Tiered Storage
Only Enterprise Edition supports
In the actual service scenario, there are multiple data disks on one machine at the same time. Therefore, it is necessary to give full play to the capabilities of these disks to improve the throughput of the system. Another scenario is that multiple data disks on the same or multiple machines use different storage media, and customers want to store cold data that is not frequently accessed move to cheap storage media to reduce the cost of enterprise storage. In CnosDB, we solve these two scenarios through the following solutions:
Tiered Storage
The basic unit of data migration in a CnosDB cluster is Vnode. The enterprise edition of CnosDB cluster provides the following commands to support tiered storage:
SHOW DATANODES; // Show all nodes in the cluster
+---------+------------------------+-----------+---------+-----------+------------+---------------------+
| NODE_ID | HOST | ATTRIBUTE | STATUS | DISK_FREE | DISK_TOTAL | LAST_UPDATED_TIME |
+---------+------------------------+-----------+---------+-----------+------------+---------------------+
| 1001 | query_tskv1.cnosdb.com | HOT | HEALTHY | 5.18 GB | 7.37 GB | 2023-06-05 02:30:22 |
| 1002 | query_tskv2.cnosdb.com | HOT | HEALTHY | 93.71 GB | 240.11 GB | 2023-06-05 02:30:19 |
+---------+------------------------+-----------+---------+-----------+------------+---------------------+
ALTER NODE [node_id] ATTRIBUTE [HOT/COLD]; // Modify the attribute of the node
CREATE DATABASE [IF NOT EXISTS] db_name [WITH db_options];
db_options:
db_option ...
db_option: {
TTL value
| SHARD value
| VNODE_DURATION value
| REPLICA value
| COOLING_DURATION value
| PRECISION {'ms' | 'us' | 'ns'}
}
Add COOLING_DURATION value
to the CREATE DATABASE
statement to add a cooldown time field. option
indicates the interval for data cooling, COOLING_DURATION
defaults to 0, which means stopping data migration.
COOLING_DURATION
must be a multiple of VNODE_DURATION
. The COOLING_DURATION
field can be modified by alter database
.
After data is cooled, the migrate
thread in meta will migrate data from hot nodes to cold nodes. The migrate
thread periodically checks whether there is data to be migrated. The timing can be modified using the auto_migrate_vnodes_duration
configuration item in the meta configuration file. The unit of this configuration item is seconds, and the default value is 0, which means that tiered storage is not enabled. The timing for periodic checks can be set according to practical needs. It is recommended to set the minimum check time to 1800 seconds, which is auto_migrate_vnodes_duration = 1800
.
Notice
After data is cooled, data is migrated from the hot node to the cold node. However, the cooling degree of data is defined by users. Users can modify the cooling period of db to change the cooling degree of data.

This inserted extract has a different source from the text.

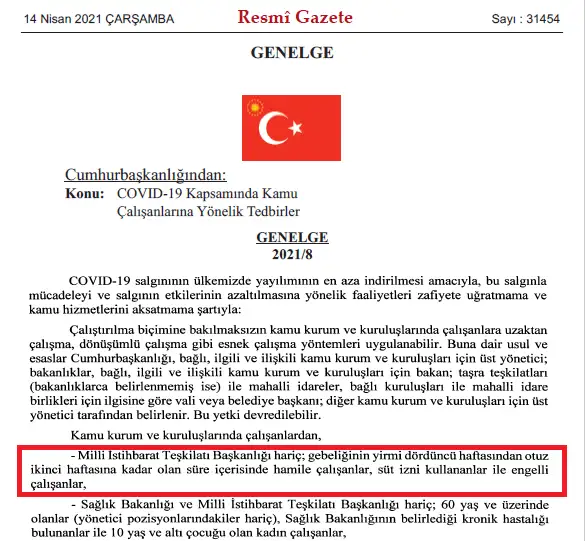 Resmi gazetede yayınlanan asıl genelge bu malesef. Sizin gönderdiğiniz maddede de idari izin kapsamındaki hamilelerden bahsediyor. Keşke bizleri de kapsasaydı ama genelge bu şekilde malesefIcisleri bakanliginin yazisinda hamile ibaresinde hafta bilgisi yok.

Users change the db cool downtime. The change may migrate data from a cold node to a hot node, for example: When starting the cluster through ./run_cluster.sh with default configuration, there are two data nodes in the cluster: 1001 and 2001, and both are hot nodes by default.
ALTER NODE 2001 ATTRIBUTE COLD; // Change data node 2001 to a cold node
CREATE DATABASE db1 with VNODE_DURATION '1m' COOLING_DURATION '1m'; // Create a database named "db1" on node 1001 with VNODE_DURATION and COOLING_DURATION both set to 1 minute
Then create a table and write data in the "db1" database, wait for a period of time until the data is cooled and migrated from hot node 1001 to cold node 2001. At this point, execute the SQL statement:
ALTER DATABASE db1 SET COOLING_DURATION '1d'; // Change the cooldown time of database "db1" from 1 minute to 1 day
At this point, as the cool downtime becomes larger, the cooled data above becomes hot data again, so the data is moved from cold node 2001 to hot node 1001.